# Your assignment
Write out again, unchanged, the line that has "Pääsiäinen ja pääsiäisaskartelu" and each following line through the end of the entries below; leave pictures out.

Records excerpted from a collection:

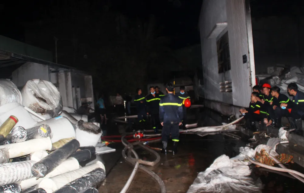 “Đến 19 giờ 19 phút, nhận được tin báo cháy chúng tôi đã nhanh chóng triển khai, huy động lực lượng gồm: 10 xe cứu hỏa và trên 80 chiến sĩ đến hiện trường để dập lửa. Đám cháy được khống chế vào khoảng 8 giờ 30 đến 9 giờ là được dập tắt hoàn toàn, không cho lan sang các xưởng khác”, Đại tá An cho hay.
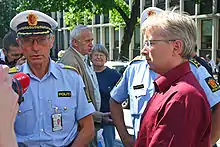 2. Wiedswang Zondag, Martin Herman; Sætre, Jonas (22 June 2012). "Hans Sverre Sjøvold blir ny politimester i Oslo" [Hans Sverre Sjøvold becomes new police chief in Oslo] (in Norwegian). Retrieved 30 July 2013.
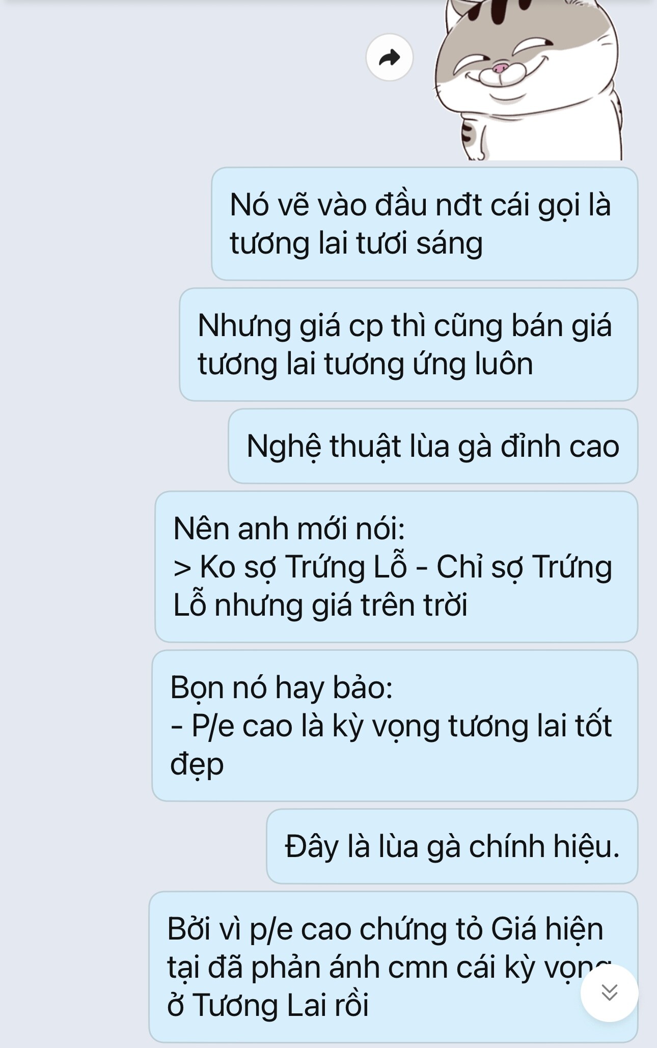 Mua Trứng vùng đáy, bạn vẫn có thể lỗ nhưng chỉ là tạm thời <=> Mua Trứng vùng đỉnh bạn có thể vĩnh viễn không về bờ đc.
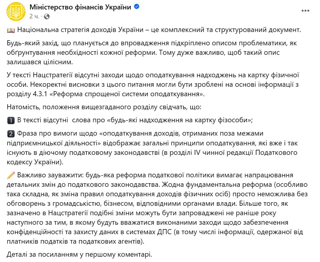 "В тексте Нацстратегии отсутствуют меры по налогообложению поступлений на карту физического лица", - заявили в Минфине.
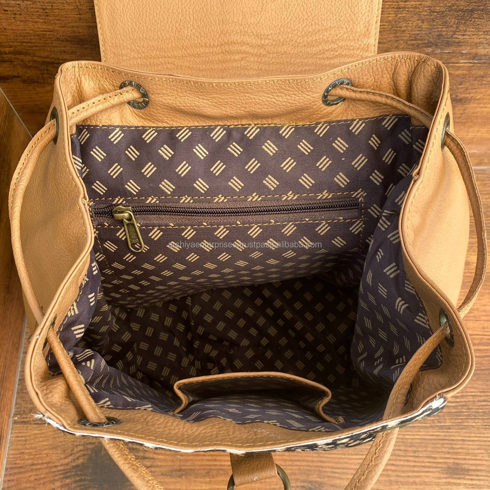 Mochila para estudiantes con cordón informal de cuero genuino de grano completo de alta calidad personalizada, mochilas escolares de piel de vaca de gran capacidad
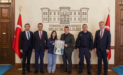 Bilecik’te gerçekleştirilen ‘Bilinçli Tüketici Olmak’ konulu resim yarışmasında il birincisi olarak öne çıkan Aysima Kurum, Bilecik Valisi Faik Oktay Sözer tarafından makamında ağırlandı.
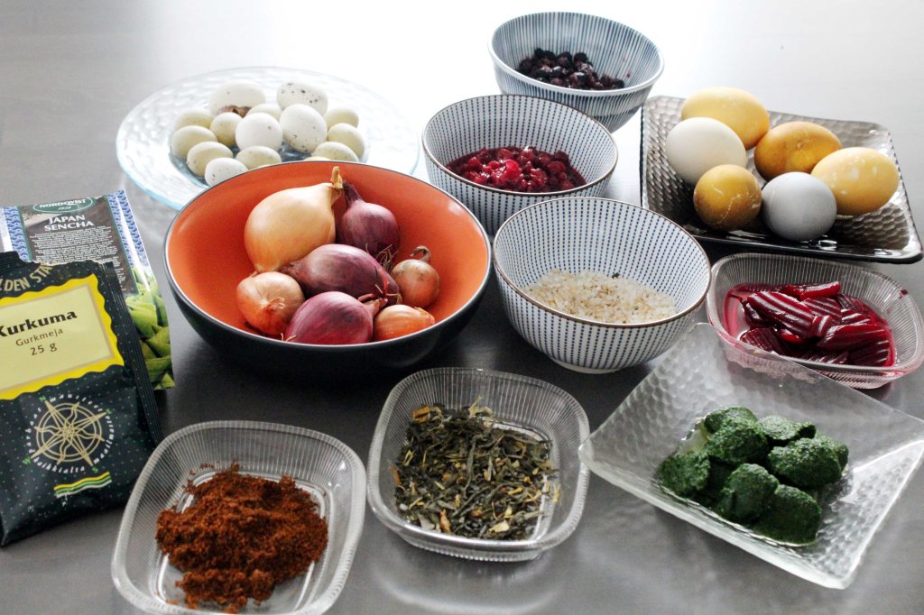Pääsiäinen ja pääsiäisaskartelu Tuomelan marttojen kanssa lähestyy. Innostuin kokeilemaan eri väriaineita. Olen tähän asti tyytynyt sipulinkuoriin ja mustikoihin. Netistä löytyi tietoa, jota sovelsin kotoa löytyvien aineiden mukaan.
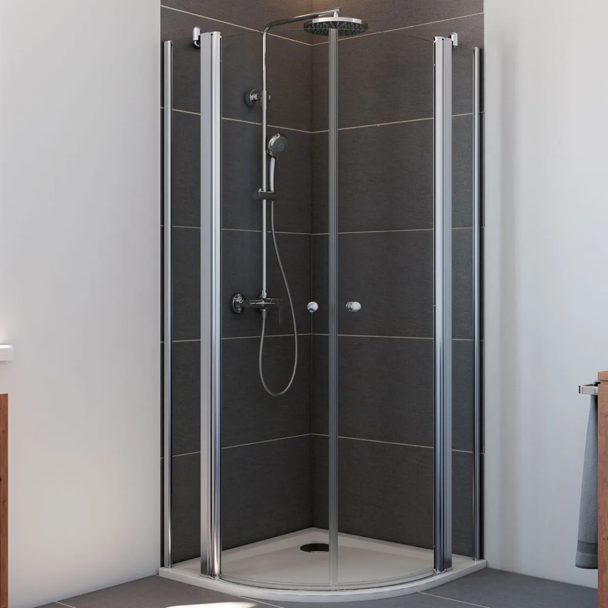 Breuer Runddusche 4-teilig Drehtür mit Festteilen, Radius 550, Alu silber matt, Klarglas, 1000 x 1000 mm
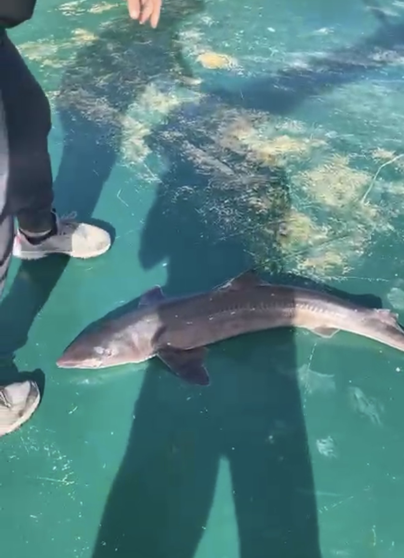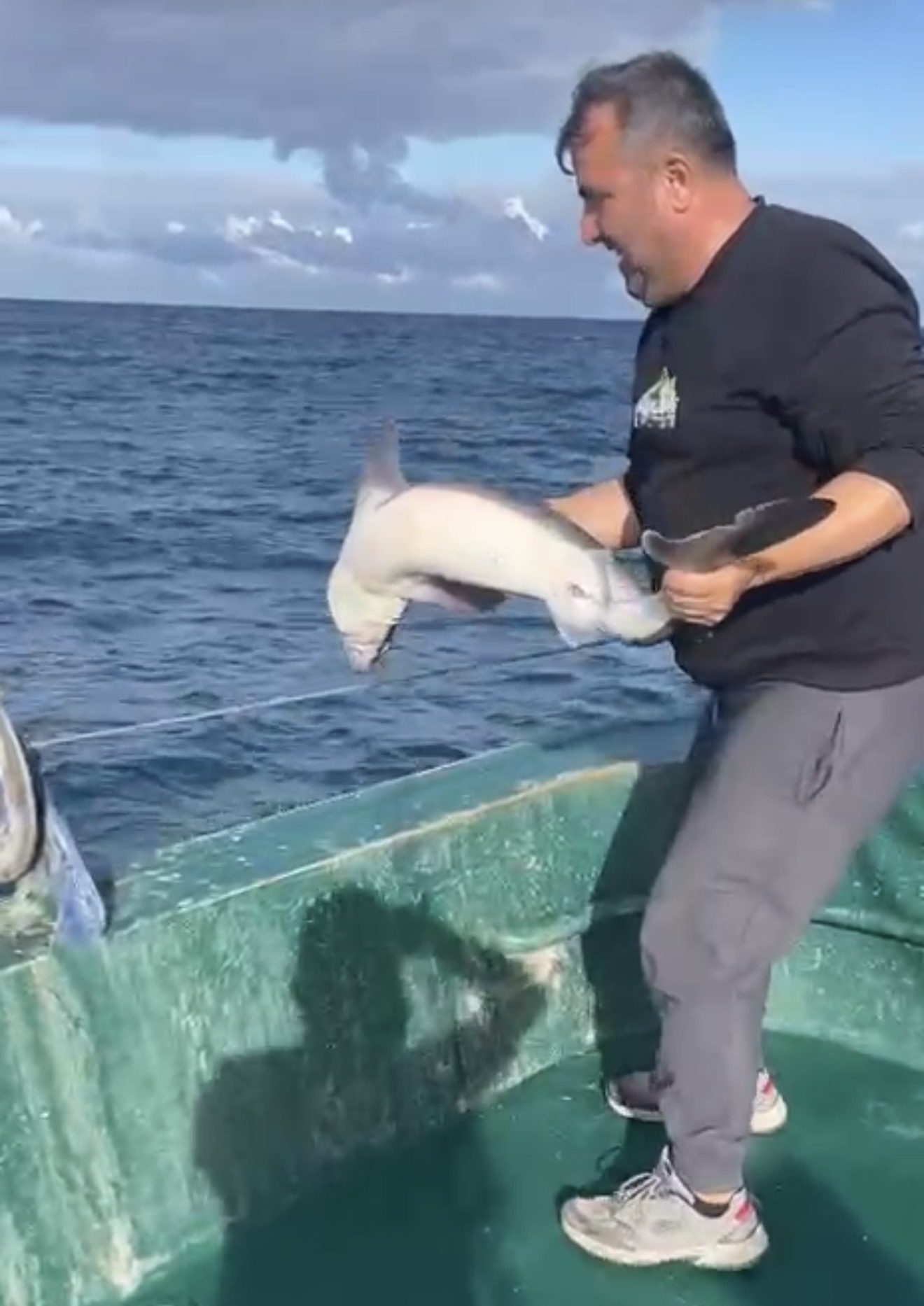 Kurucaşile’den avlanmak için 'Kayalar 2' isimli balıkçı teknesiyle denize açılan balıkçılar, dün akşam saatlerinde ağı çektiğinde içinde yaklaşık 1,5 metre uzunluğunda camgöz cinsi köpek balığını fark etti. Tekne sahibi Kenan Kaya, güçlükle tuttuğu köpek balığını denize bıraktı.

# Solution to this task
Pääsiäinen ja pääsiäisaskartelu Tuomelan marttojen kanssa lähestyy. Innostuin kokeilemaan eri väriaineita. Olen tähän asti tyytynyt sipulinkuoriin ja mustikoihin. Netistä löytyi tietoa, jota sovelsin kotoa löytyvien aineiden mukaan.
 Breuer Runddusche 4-teilig Drehtür mit Festteilen, Radius 550, Alu silber matt, Klarglas, 1000 x 1000 mm
 Kurucaşile’den avlanmak için 'Kayalar 2' isimli balıkçı teknesiyle denize açılan balıkçılar, dün akşam saatlerinde ağı çektiğinde içinde yaklaşık 1,5 metre uzunluğunda camgöz cinsi köpek balığını fark etti. Tekne sahibi Kenan Kaya, güçlükle tuttuğu köpek balığını denize bıraktı.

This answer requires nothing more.